Я смертельно побледнела, Юра поспешил исправить дело:
— Нет, она жива! Жива! Только живет теперь отдельно.
— Отдельно, но в этом же доме? — сказала я настолько очевидную глупость, что мама все-таки не выдержала:
— Марфуша еще не ответработник аппарата Совнаркома, чтобы жить в этом доме!
Я наконец дала волю слезам, и на этом церемония встречи завершилась.
Началось мое последнее, пятое детство. Почему последнее? Потому что я считаю, что максимальный срок детства — окончание средней школы, а среднюю школу я окончила, живя в этом самом «новом доме» (я жила там и четыре курса университета, но это уже совсем другая история), в «отдельной квартире», которую успела полюбить. А пока все еще только начиналось, еще в эту школу нужно было поступить — мама, оказывается, совершенно не имела в виду, что я вернусь в свою старую, 19-ю школу. Заодно со многим другим и другими я потеряла и эту школу, и любимую учительницу Рахиль Марковну Граеву. Иногда, когда становилось особенно грустно, мне казалось, что и она хоть чуть-чуть жалеет обо мне…

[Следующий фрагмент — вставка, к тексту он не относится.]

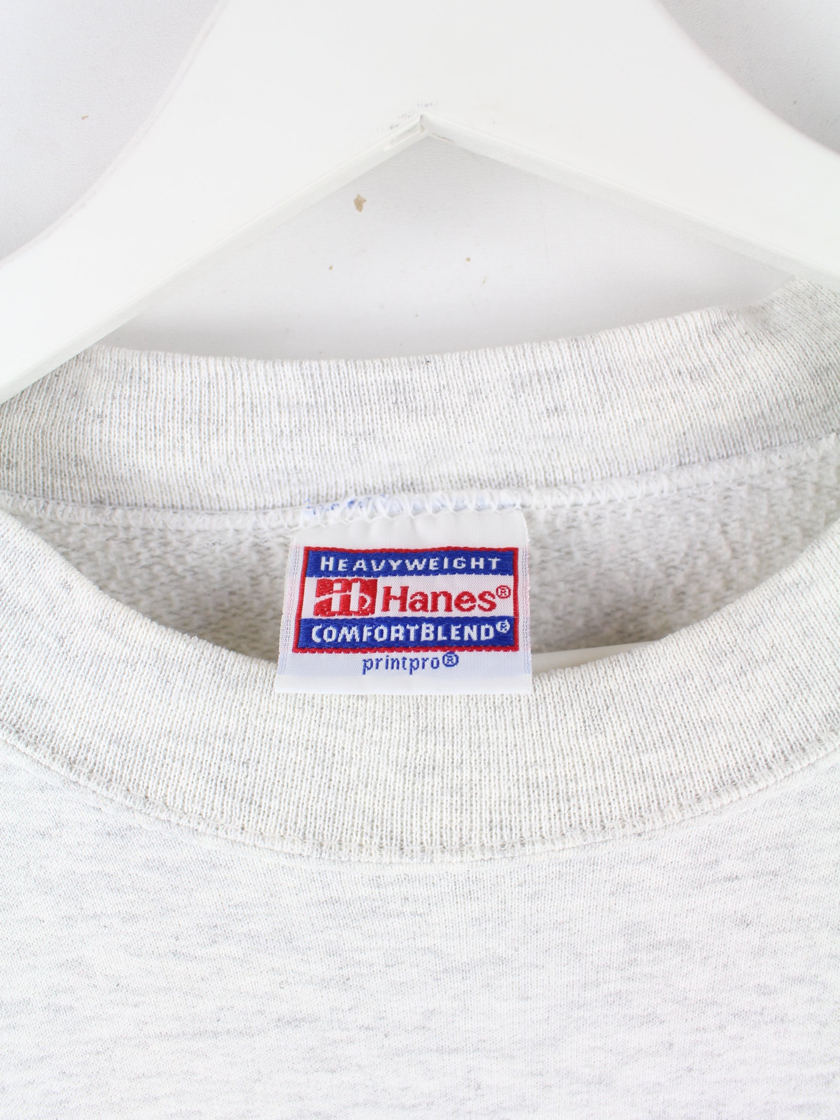 Sweater aus dem Hause Hanes in Größe XL aus den 90'ern. Er ist aus einer Baumwollmischung und in Grau im Angebot. Mit tollem Eagles Print.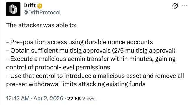 Дрифт сказав, що зловмисник використовував довгострокові небазовані, попередньо підписані транзакції, щоб отримати неавторизований адміністративний доступ і швидко виконати зловмисні дії після надсилання.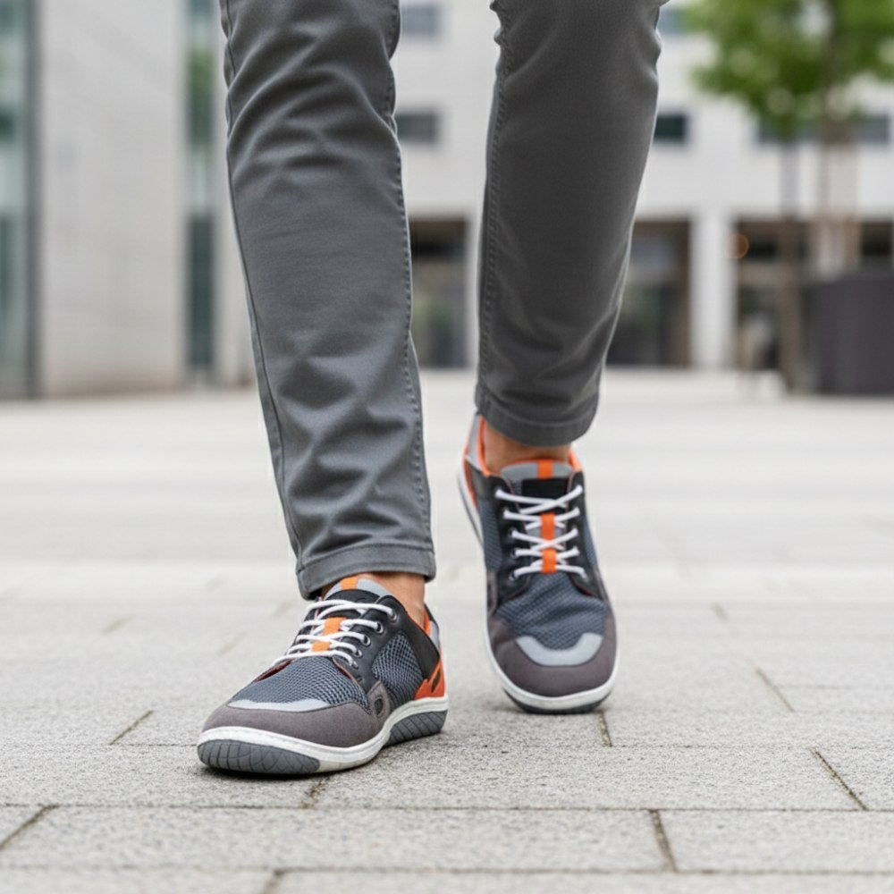 - Gumowa podeszwa zewnętrzna z zerową piętą, w ten sposób zmniejszając kręgosłup i chroniąc stawy, wspiera naturalną postawę

Я хочу немножко отмотать пленку назад и хоть как-то восстановить те события, что произошли без меня за эти долгие пять месяцев. Тот первый день, когда я приехала из больницы, закончился тем, что мне отвели «место» в новой квартире (еще будет время рассказать о ней) и уложили,— мне ведь предстояло лежать до пятнадцати лет. Вторую половину первого дня я, во всяком случае, лежала. К своим девяти годам я уже привыкла не просто лежать в постели, но и думать, думать… И я начала думать прямо с первого дня. Прежде всего о Марфуше.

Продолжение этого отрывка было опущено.